It was Steven's turn to grunt.

“Look—all I know is there's something to this whole Florentine Diamond thing, and we're going to find out what it is.” Steven opened his mouth to say something, but I cut him off. “Just trust me.”

Chapter 9

After a hearty Sunday brunch at the Malibu Denny's, Steven and I paid our second visit to Chateau Richard. This time Steven drove, using a spare key. Obsessed with engine specs, fuel injection kits, and ram-air intake valves, Steven was the engineer's engineer. Our drive up the coast included a series of obligatory roller-coaster takeoffs, screeching stops, and a fishtail turn onto Latigo, accompanied by lively speculation about the prowler and Steven's current wish list of potential engine upgrades. This time we parked inside the open gate.

Steven reached for his door handle, then diverted his hand into his pocket. “Almost forgot! This one's for you.” He held out an inch-long flashlight like the one we'd used in last night's reconnaissance.

“How come? Thanks man!”

“No problem. Consider it this and next year's birthday gifts.”

I laughed. “Okay. Back to business,” I said, adding the miniature flashlight to my own key ring.

“According to the flyer, the place has three bedrooms, two stories, and three thousand square feet. All for a bargain two-point-seven million.”

“I can believe it. Hillary'd love a place like this. But then her parents would want to move in with us. So I guess I'll have to pass.”

I rang the doorbell. About a minute later, a twentyish woman opened the door. She was on her cell.

“Hold on a sec.”

She was chomping on gum.

I whispered to Steven, “The real estate agent must have her daughter babysitting the open house.” Steven nodded. A few minutes later, Ms. Bubblegum returned, still on the phone.

“Hi guys, feel free to take a look around. Do me a favor and sign in.” She tapped annoyingly on an empty guest book with a three-quarter-inch-long green fingernail.

Steven made a beeline for the backyard. I started on a self-guided tour. Ms. Juicy Fruit continued her conversation.

I looked around. The fifties-era house had been completely overhauled by someone with lots of money and nineteenth-century inclinations; the interior looked more like a British manor than a chic Malibu crib. I found the entryway particularly impressive—an inlaid marble mosaic covered its floor while the walls were adorned with rich cherry wood paneling and capped in crown molding. The three bedrooms were equally impressive, each one with a unique shape—one hexagonal, another with a curved ceiling, another with its own loft—and each had its own fireplace and exposed wood-beam ceilings. On a lark, I sauntered into the glorious master bathroom, looked over my shoulder—twice—and popped the top off the toilet tank expecting to find the Florentine wrapped in plastic next to the Ty-D-Bol chlorine tablet. No such luck.

Completing my circuit, I arrived in the kitchen.
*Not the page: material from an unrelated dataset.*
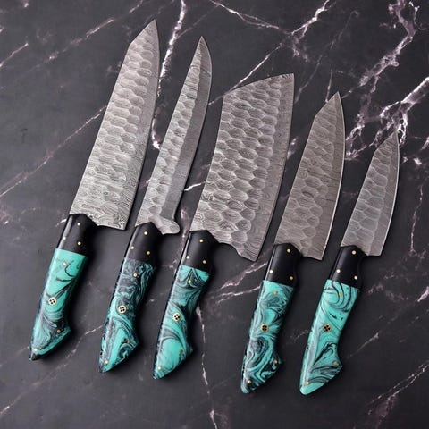 Smukt matchende sæt af fem håndlavede køkkenknive, fremstillet af mønstret Damascus-stål. Hvert blad viser et attraktivt lagdelt stål mønster, resultatet af traditionelle smedeteknikker. Sættet dækker et bredt udvalg af køkkenopgaver, fra tung hakning til fin skæring.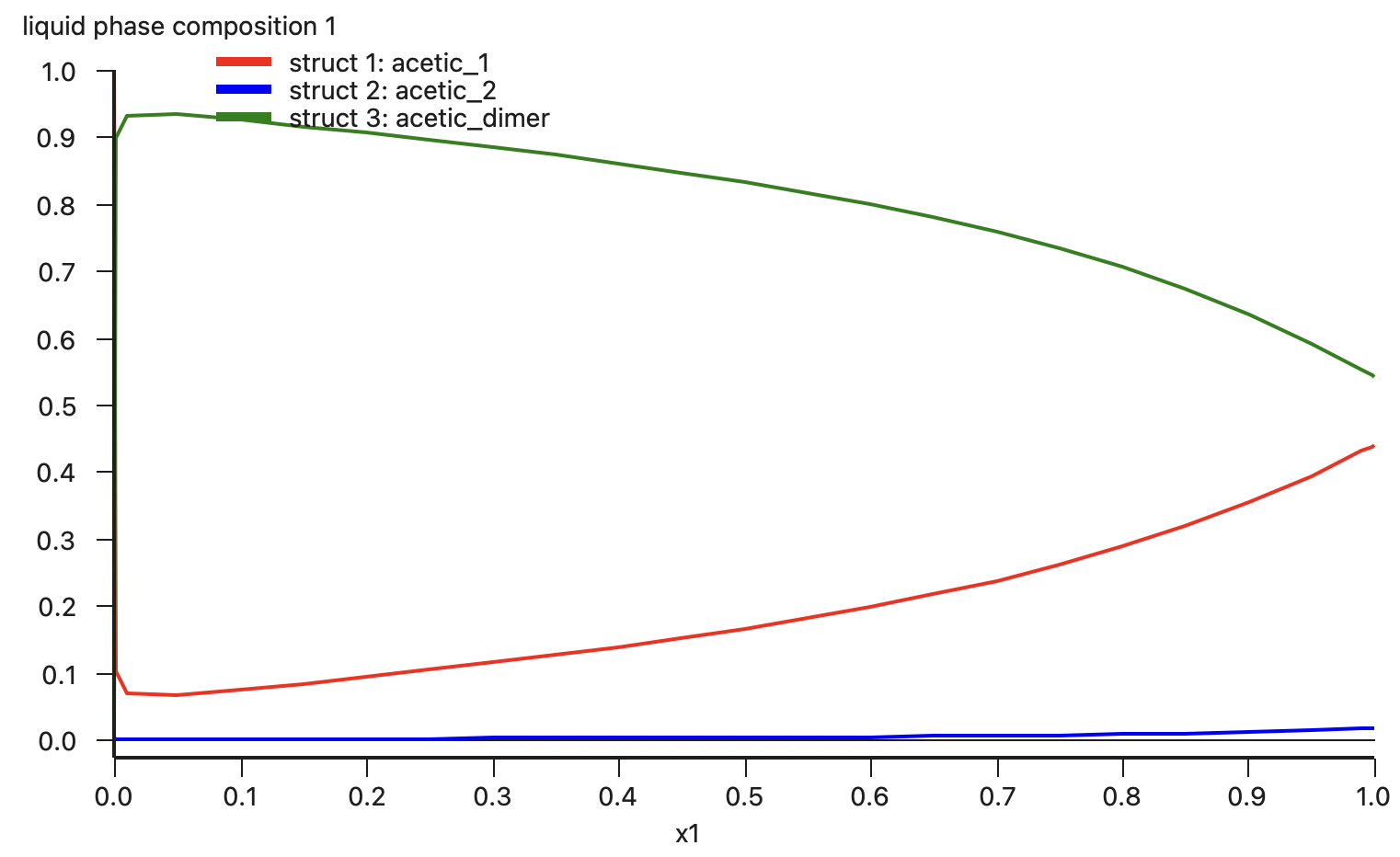 Now, we perform the same steps as above in the Binary Mixtre VLE/LLE module, except this time we will use the acetic_acid_conformers.multiform instead of acetic_2.coskf.

An otherwise peaceful view of the backyard was marred by a large spider-crack in the picture window above the sink, no doubt the fruit of my excellent midnight shot put. I shifted my gaze away guiltily. “What's the asking price?” I asked the masticator.

She shot me a condescending look that said, “You're way too young and too poor to afford this place,” then picked up a flyer and read: “Two-point-seven million.”

“Thanks. Anyone living here now?”

“No.” She shot a quizzical look at me. “Why do you ask?”

“I was just wondering if I could move in immediately,” I lied.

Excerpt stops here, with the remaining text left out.